Abstract:
OBJECTIVE: To explore the genetic basis for a patient with unexplained developmental delay and special facial features.
METHODS: A male patient admitted to the Maternal and Child Health Care Hospital of Gansu Province on May 27, 2021 due to infertility was selected as the study subject. Clinical data of the patient was collected, and genomic DNA was extracted from peripheral blood samples from the patient and his parents. Whole exome sequencing (WES) was carried out, and candidate variant was verified by Sanger sequencing.
RESULTS: The patient was found to harbor a 2.54 Mb deletion in 1p36.33p36.32 and a heterozygous c.1123G>C (p.E375Q) variant of the CHD3 gene, neither of which was detected in his parents.
CONCLUSIONS: The patient was diagnosed with Snijders Blok-Campeau syndrome in conjunct with 1p36 deletion syndrome, which has enabled genetic counseling for his family.
METHODS: A male patient admitted to the Maternal and Child Health Care Hospital of Gansu Province on May 27, 2021 due to infertility was selected as the study subject.

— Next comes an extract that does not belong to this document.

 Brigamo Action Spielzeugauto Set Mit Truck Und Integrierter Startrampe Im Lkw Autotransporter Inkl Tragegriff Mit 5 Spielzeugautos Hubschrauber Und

Clinical data of the patient was collected, and genomic DNA was extracted from peripheral blood samples from the patient and his parents. Whole exome sequencing (WES) was carried out, and candidate variant was verified by Sanger sequencing.
RESULTS: The patient was found to harbor a 2.54 Mb deletion in 1p36.33p36.32 and a heterozygous c.1123G>C (p.E375Q) variant of the CHD3 gene, neither of which was detected in his parents.

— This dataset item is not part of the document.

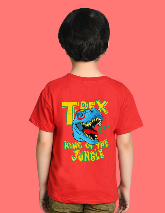 Nusyl Boys Red T-Rex Text Printed Short Sleeve Oversized T-Shirt

CONCLUSIONS: The patient was diagnosed with Snijders Blok-Campeau syndrome in conjunct with 1p36 deletion syndrome, which has enabled genetic counseling for his family.
摘要:
目的:探讨1例不明原因发育迟缓和特殊面部特征患者的遗传基础。
方法:以甘肃省妇幼保健院2021年5月27日因不孕症入院的男性患者为研究对象。收集患者的临床资料,从患者及其父母的外周血样本中提取基因组DNA。进行全外显子组测序(WES),候选变异体通过Sanger测序进行验证。

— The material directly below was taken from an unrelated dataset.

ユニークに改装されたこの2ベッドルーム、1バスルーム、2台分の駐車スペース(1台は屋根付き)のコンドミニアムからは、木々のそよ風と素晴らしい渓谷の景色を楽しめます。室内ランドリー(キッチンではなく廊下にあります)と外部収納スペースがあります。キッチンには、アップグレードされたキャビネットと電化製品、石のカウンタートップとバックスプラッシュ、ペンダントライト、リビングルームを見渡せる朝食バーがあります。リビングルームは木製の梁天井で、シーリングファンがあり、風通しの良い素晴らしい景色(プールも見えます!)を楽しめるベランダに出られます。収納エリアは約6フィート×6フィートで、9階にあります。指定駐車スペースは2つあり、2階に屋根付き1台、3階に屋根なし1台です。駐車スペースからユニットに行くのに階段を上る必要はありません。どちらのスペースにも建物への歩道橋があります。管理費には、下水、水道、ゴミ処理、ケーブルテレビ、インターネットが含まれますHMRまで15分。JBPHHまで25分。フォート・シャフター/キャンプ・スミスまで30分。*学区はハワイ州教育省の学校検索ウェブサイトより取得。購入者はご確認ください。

结果:发现该患者在1p36.33p36.32中缺失2.54Mb,并且杂合c.1123G>C(p。E375Q)CHD3基因的变体,在他的父母身上都没有发现。
结论:患者被诊断为SnijdersBlok-Campeau综合征并伴有1p36缺失综合征,这为他的家人提供了遗传咨询。
方法:以甘肃省妇幼保健院2021年5月27日因不孕症入院的男性患者为研究对象。收集患者的临床资料,从患者及其父母的外周血样本中提取基因组DNA。进行全外显子组测序(WES),候选变异体通过Sanger测序进行验证。
结果:发现该患者在1p36.33p36.32中缺失2.54Mb,并且杂合c.1123G>C(p。E375Q)CHD3基因的变体,在他的父母身上都没有发现。
结论:患者被诊断为SnijdersBlok-Campeau综合征并伴有1p36缺失综合征,这为他的家人提供了遗传咨询。